Make note of the operation name; you need it to download the podcast in step 4. In the example above, the operation name is projects/123456/locations/global/operations/create-podcast-54321.
Optional. Poll the status of the podcast creation operation. See Get details about a long-running operation.

After the operation has finished, run the following curl command to download the podcast:

curl -v \
  -H "Authorization: Bearer $(gcloud auth print-access-token)" \
  "https://discoveryengine.googleapis.com/v1/OPERATION_NAME:download?alt=media" \
  --output FILENAME.mp3 -L

Replace the following:

OPERATION_NAME: the name of the operation that you noted down in step 2.
FILENAME: a filename for the podcast.

This command downloads the podcast to an MP3 file in your local directory.

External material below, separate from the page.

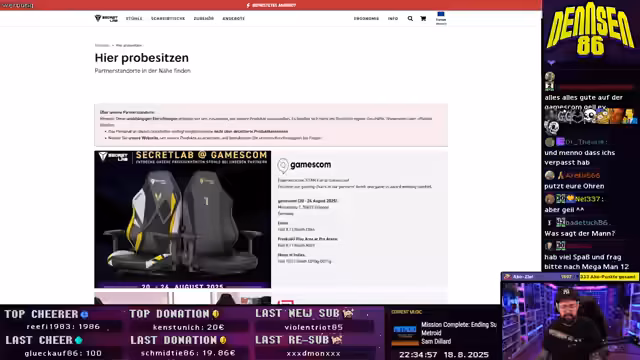 07:48:54Zum Schluss des Streams gibt der Streamer wichtige Informationen für seine Community. Er kündigt seine Abwesenheit bis Montag an und teilt mit, wo er während der Gamescom zu sehen sein wird, unter anderem auf den Streams von Capcom und Rocket Beans. Zudem wirbt er für sein eigenes Möbelunternehmen 'HolyEMPSecretlab' und lädt seine Fans auf der Messe zum Probesitzen seiner Produkte ein.

Example command and result

curl -v \
  -H "Authorization: Bearer $(gcloud auth print-access-token)" \
  "https://discoveryengine.googleapis.com/v1/projects/123456/locations/global/operations/create-podcast-54321:download?alt=media" \
  --output my-podcast.mp3 -L
  
% Total    % Received % Xferd  Average Speed   Time    Time     Time  Current
                               Dload  Upload   Total   Spent    Left  Speed
0     0    0     0    0     0      0      0 --:--:-- --:--:-- --:--:--     0* Host discoveryengine.googleapis.com:443 was resolved.
  ...
{ [42044 bytes data]
100 14.3M  100 14.3M    0     0  10.9M      0  0:00:01  0:00:01 --:--:-- 29.7M
* Connection #0 to host discoveryengine.googleapis.com left intact

Compliance

The podcast API isn't in compliance with customer-managed encryption keys, CMEK for Gemini Enterprise.